Lug soup picked up from Nautilus in rose with marking.

The "deco" tumbler was glazed in a golden color similar to OvenServe's orange (pumpkin) glaze.
The handed mug in leaf green was made in 1933. Entires in Rhead's journals mention this piece:

03.17.33 Modeled Beer Stein - grape border.
04.01.33 Barrel shape stein, modeled borders. Quantity three dozen only. Purpose: Beer mug possibility
04.15.33 Clay stein - fruit border out.
04.20.33 First modeled stein out in Art Glazes. Ordered bisque out today in Rust and Vellum.

The "deco ashtrays" were first made in 1931. They didn't originate with any particular dinnerware line and examples have been found with at least three different backstamps: Wells Art Glazes, OvenServe, and the general HLC marking.

When the first pieces of OvenServe were modeled in 1933, an ashtray was under consideration. Instead of creating one with the embossed OvenServe design, the "deco" ashtray from 1931 was used instead. Most of the ashtrays found with the OvenServe marking are in orange (pumpkin) or ivory.

The original center ring design mimicked the partial rings found on the rim; small with wide spacing between them. Within two years, these smaller center rings were replaced by the larger and more narrowly spaced type shown. In the foreground are ashtrays in WAG rose and rust.

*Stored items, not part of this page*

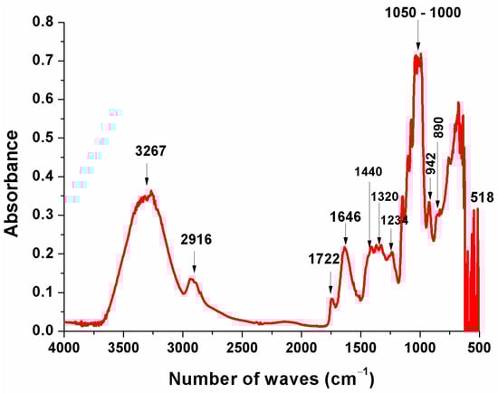 The peak at the 890 cm−1 wave number was identified as characteristic of polysaccharide structures that originated from β-glycosidic bonds between the sugar units. Furthermore, 518 and 942 cm−1 bands can be associated with pectins and lignins [57,58]. Finally, the presence of functional carboxyl groups and proteins in the region the between 1000 and 1500 cm−1 bands [54,58,59] in P. aculeate leaves is evidence of the favoring interaction with water, contributing to crucial characteristics for colloid obtaining, such as gel formation.
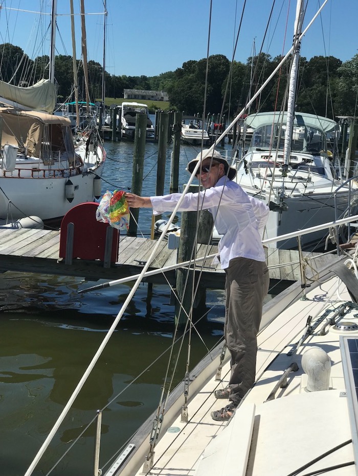 Once she removed the coil of wire, Mr. Benmar’s compass was happy. And we were happy Mr. Benmar could handle the boring job of steering for seven or so hours of motoring through flat-calm Chesapeake Bay conditions.
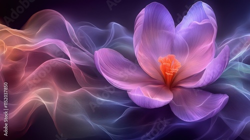 Dreamlike purple crocus flower with flowing, colorful smoke.
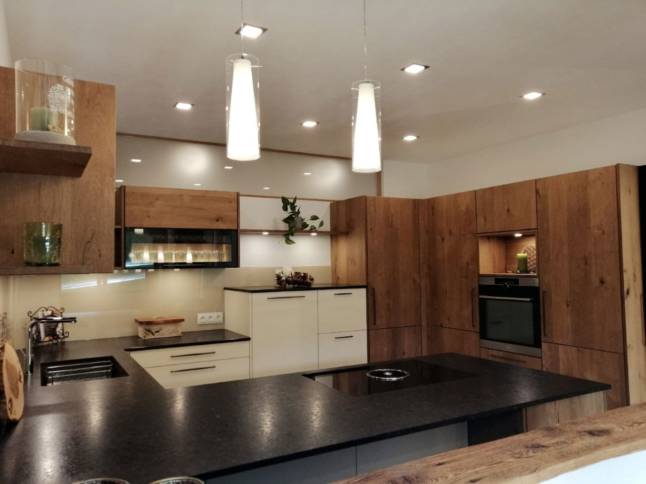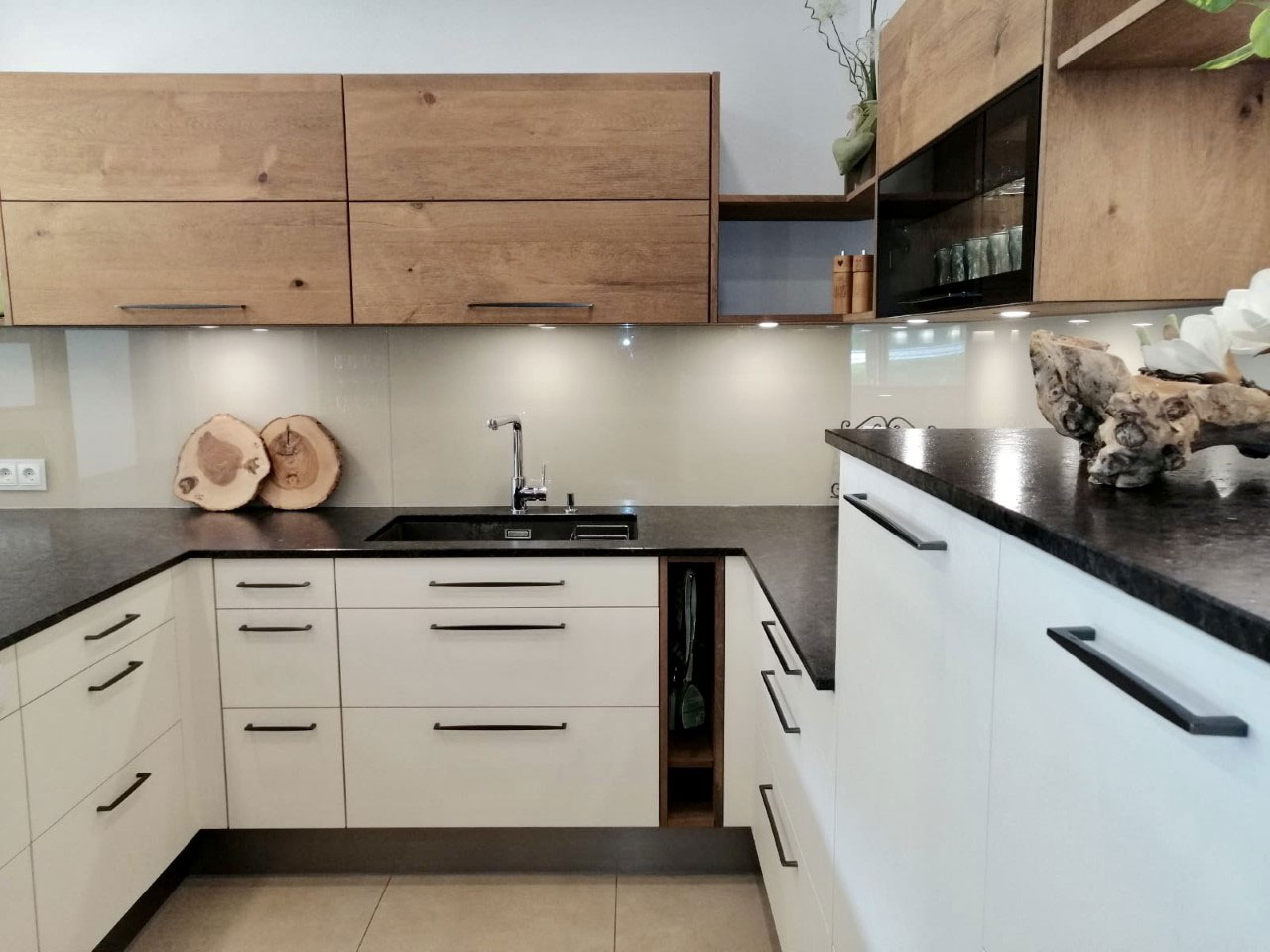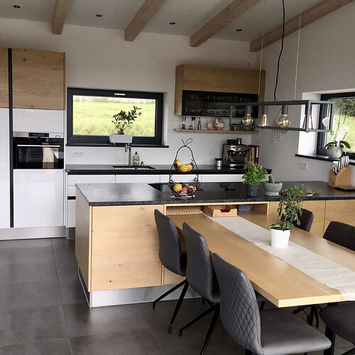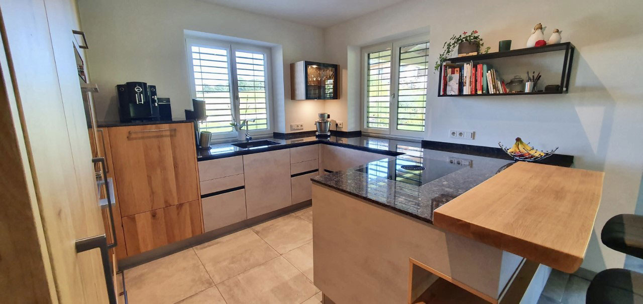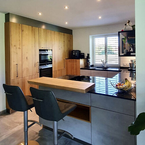 Asteiche natur kombiniert mit einer edlen matten Oberfläche in schwarz, Keramik Arbeitsplatte.

Deco ashtrays in green and rust. The green example has the original center ring design.

The following ashtrays are from the collection of The Fiesta® Tableware Company.

Paneled ashtray in vellum, dated 1931

Daisy ashtray in vellum, dated 1931

Deco ashtray in experimental blue glaze

OvenServe casserole in rose and French casserole in rust

Assorted shapes with experimental art glazes. From the collection of The Fiesta® Tableware Company.